DECISION AND ORDER
RICHARD L. SPEER, Chief Judge.This cause comes before the Court upon Plaintiffs Motion for Summary Judgment. A movant will prevail on a motion for summary judgment if, “the pleadings, depositions, answers to interrogatories, and admissions on file, together with the affidavits, if any, show that there is no genuine issue as to any material fact and that the moving party is entitled to a judgment as a matter of law.” Celotex Corp. v. Catrett, 477 U.S. 317, 106 S.Ct. 2548, 2552, 91 L.Ed.2d 265 (1986), Fed. R.Civ.P. 56(e), Fed.R.Bankr.P. 7056. In order to prevail, the movant must demonstrate all elements of the cause of action. R.E. Cruise, Inc. v. Bruggeman, 508 F.2d 415, 416 (6th Cir.1975). Thereafter, the opposing party must set forth specific facts showing there is a genuine issue for trial. Anderson v. Liberty Lobby, Inc., 477 U.S. 242, 106 S.Ct. 2505, 2511, 91 L.Edüd 202 (1986). Inferences drawn from the underlying facts must be viewed in a light most favorable to the party opposing the motion. Matsushita v.

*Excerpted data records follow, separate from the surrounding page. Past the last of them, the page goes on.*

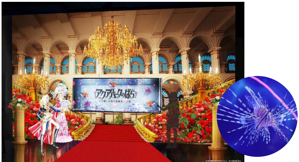
「エスコート大階段／ハナミノカサゴ ※イメージ」

思い思いにドレスアップしてご来館いただき、煌びやかなシーンでのお写真撮影もお楽しみいただけます。
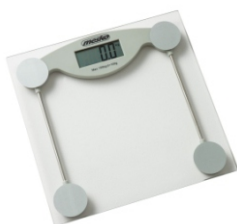
Bathroom Scale MS 8137
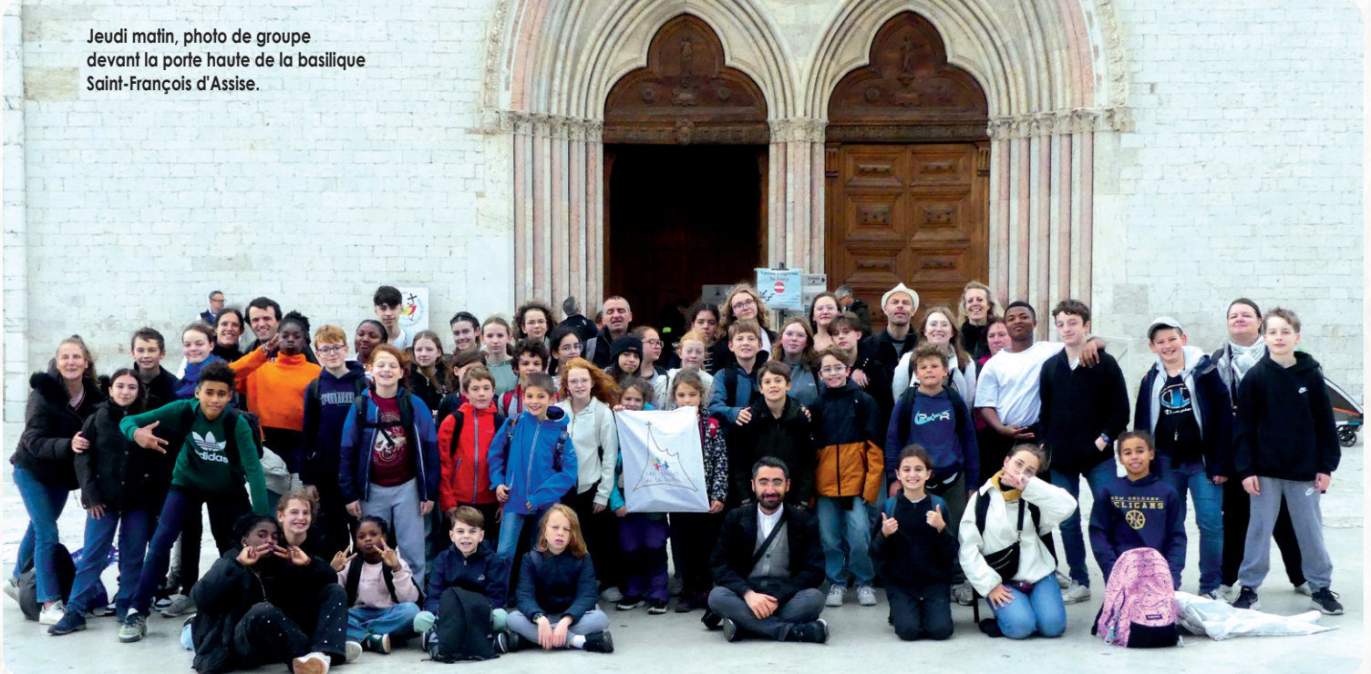
Jeudi matin, photo de groupe devant la porte haute de la basilique Saint-François d'Assise.

Après un long voyage de quinze heures en bus, l'arrivée à Rome, en fin d'après-midi, a marqué le début d'une expérience unique, teintée de fatigue mais aussi d'une immense excitation. Après une petite marche avec nos valises, nous sommes enfin arrivés à notre hébergement. Loin du confort de nos maisons, l'hébergement simple et fonctionnel, au style minimaliste, a offert un cadre authentique qui a renforcé l'esprit du pèlerinage. Bien que certains aient dû se contenter de douches froides, ces petits défis n'ont en rien entamé l'enthousiasme du groupe.
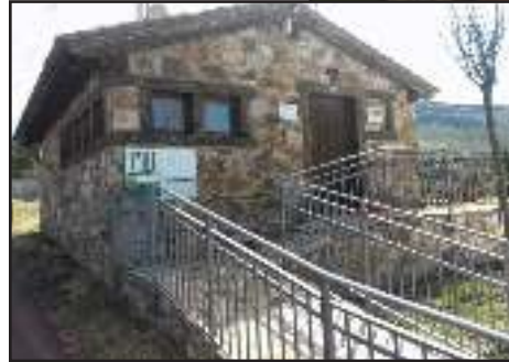
Museo de los Juegos Tradicionales.
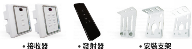
• 接收器 • 發射器 • 安裝支架
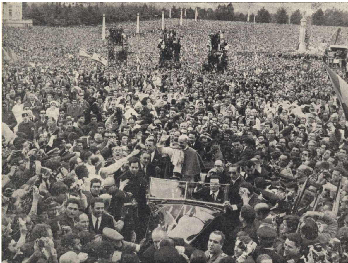
FATIMA. — Papež Pavel VI. jede k tribuně v čele prostranství

fatimskou svatyni; katolická mládež z Brazílie poslala růže, z Holandska došly tulipány, z Madeiry orchideje, nejrůznější tropické květiny z Východu a z Ameriky. Portugalská televize, teprve v začátcích, s pomocí francouzské a italské hleděla zajistit přímé vysílání do evropských zemí; v Americe budou moci sledovat přenos prostřednictvím telekomunikační družice Telstar; společnost CBS bude mít televizní vysílání barevné.
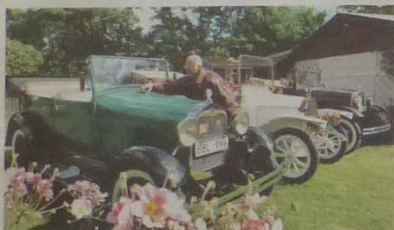
Bilpark. Två A-Fordar omger den unika tyska bilen av märket Colibri.
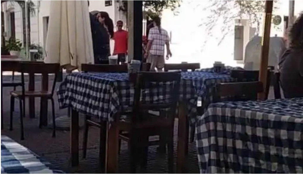
Alvarez bar videos
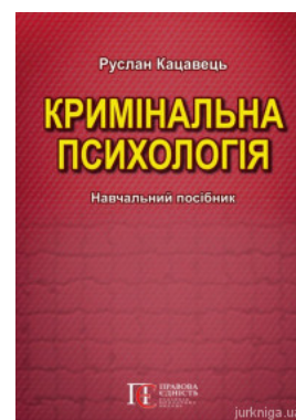
Кримінальна психологія. Навчальний посібник

Перейти до галузі права Конституційне право
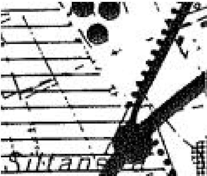
Kuva 3. Ote osayleiskaavasta 1984

Keskustaajaman osayleiskaavojen tarkistus ja laajennus on valmisteilla.
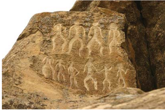
Qobustan qayaüstü rəsmləri

Səmavi dinlərə qədər Azərbaycan ərazilərində müxtəlif inanclara etiqad edilib, daha konkret desək, büt-pərəstlik hökm sürüb. Amma bu dövrdə bəzi inanclara, xüsusilə, oda, suya, ağaca və səma cisimlərinə inam daha
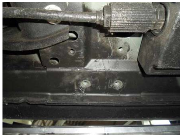
Рис.3 Место установки заднего кронштейна
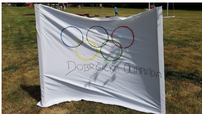
Nechyběla vlajka olympiády.
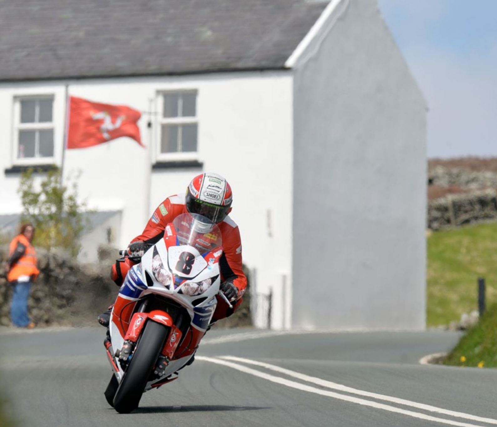
▶ Isle of Man Tourist Trophy / Michael Rutter / Honda TT Legends team / Honda CBR 1000 Fireblade
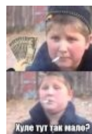
Ты на пенёк сел — должен был косарь отдать!
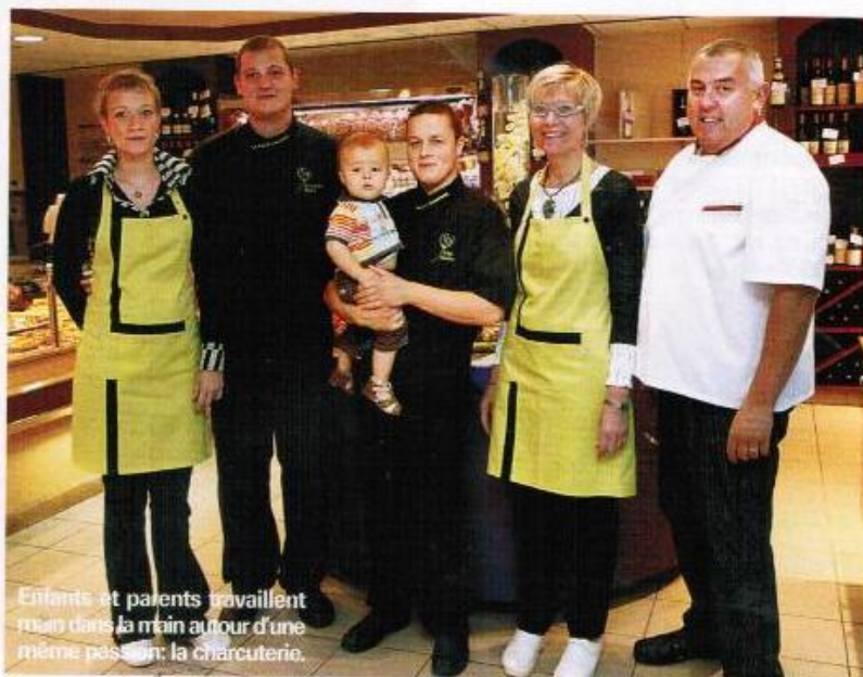
Enfants et parents travaillent main dans la main autour d'une même passion: la charcuterie.
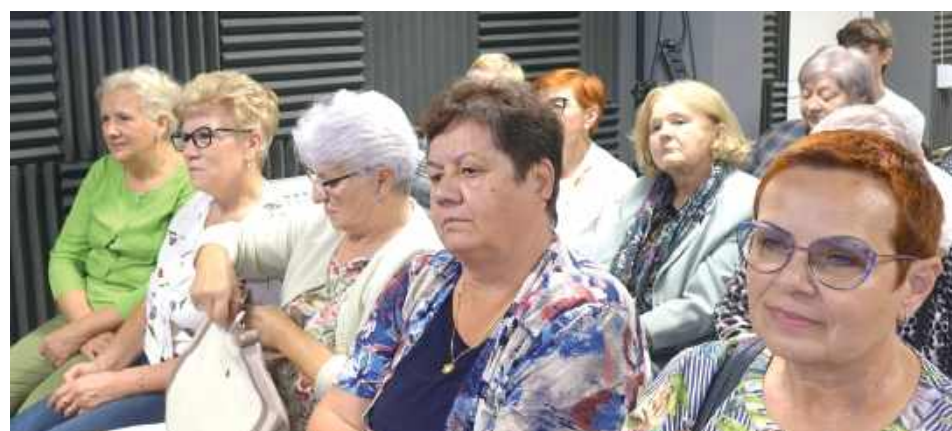
Nowy rok akademicki dla słuchaczy UTW w Firleju zapowiada się niezwykle ciekawie. W planie znajdują się liczne wykłady, warsztaty i spotkania

Podczas inauguracji przedstawione zostały między innymi plany na nadchodzące miesiące. Do grona słuchaczy dołączyło wielu nowych członków, którzy podczas uroczystości odebrali
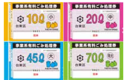
타이토구 사업계 유료 쓰레기 처리권
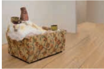
Resim31-32: Loveseat and Bowls, Jessica Jackson Hutchins, 156.2 x 105 x 133.4 cm, 2008
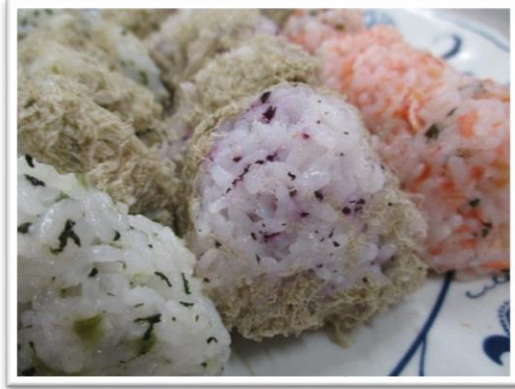
おにぎりバイキング

Zenith Radio Corp., 475 U.S. 574, 106 S.Ct. 1348, 1356, 89 L.Ed.2d 538 (1986). See also In re Bell, 181 B.R. 311 (Bankr.N.D.Ohio 1995).
In its Motion, Plaintiff explains that Defendant purchased a certain drill on August 7, 1996, and financed the purchase through Plaintiff. Defendant gave Plaintiff a security interest in the drill, but subsequently sold it for cash without notifying Plaintiff, *406or paying Plaintiff the value of its security interest. Plaintiff therefore contends that Defendant willfully and maliciously converted the collateral, and therefore Defendant’s debt should be found nondischargeable pursuant to § 523(a)(6) of the Bankruptcy Code.
In his Response to Plaintiffs Motion for Summary Judgment, Defendant does not argue or offer any evidence that he did not willfully and maliciously convert Plaintiffs collateral. Rather, Defendant only argues that Plaintiff appears to have sought a recovery for the value of the collateral from the entity to whom it was sold, and that Plaintiff should not recover twice. Defendant also offered a copy of a couple checks with which he made payments to Plaintiff, and argues that Summary Judgment should be denied, because without a full accounting, it is impossible to determine the balance owed.
In its Reply, Plaintiff agrees that it should not be allowed a double recovery. Plaintiff acknowledges that it has received Twelve Thousand Dollars ($12,000.00) from the entity to whom Defendant sold the collateral, as a settlement. Therefore, Plaintiff contends that it is still owed One Thousand Eight Hundred Dollars ($1,800.00).
This Court finds that Plaintiff has met its burden upon summary judgment to show a lack of a genuine issue of material fact. Plaintiff has offered the Affidavits of A1 Richardson, who is Litigation Administrator for a company that administers Plaintiffs loan contracts. Along with the affidavit is a copy of the contract which Defendant signed. Plaintiff has also offered the Affidavit of Plaintiffs counsel, who recounts Defendant’s testimony at the 341 hearing that Defendant sold the collateral for cash. Indeed, Defendant does argue that he did not willfully and maliciously convert the collateral. Defendant does argue that Plaintiff has not proven the balance of the account. However, in the Affidavit of AI Richardson, Mr. Richardson stated that the balance owed on the account as of the petition date was Twelve Thousand Seven Hundred Eighty-five and 83/100 Dollars ($12,785.83). This Court finds this evidence sufficient in this case, and Defendant has offered none to the contrary. If Defendant wanted additional information, he could have requested it through discovery. Subtracting this amount from the amount Plaintiff has already received on the account, the balance is presently Seven Hundred Eighty-five and 83/100 Dollars ($785.83), which this Court finds to be nondischargeable.
Accordingly, it is
ORDERED that the Motion for Summary Judgment of Plaintiff Deere & Company be, and is hereby, GRANTED, and that the debt of Defendant Henry A. DeLong to Plaintiff Deere & Company is hereby determined to be NONDISCHARGEABLE in the amount of Seven Hundred Eighty-five and 83/100 Dollars ($785.83).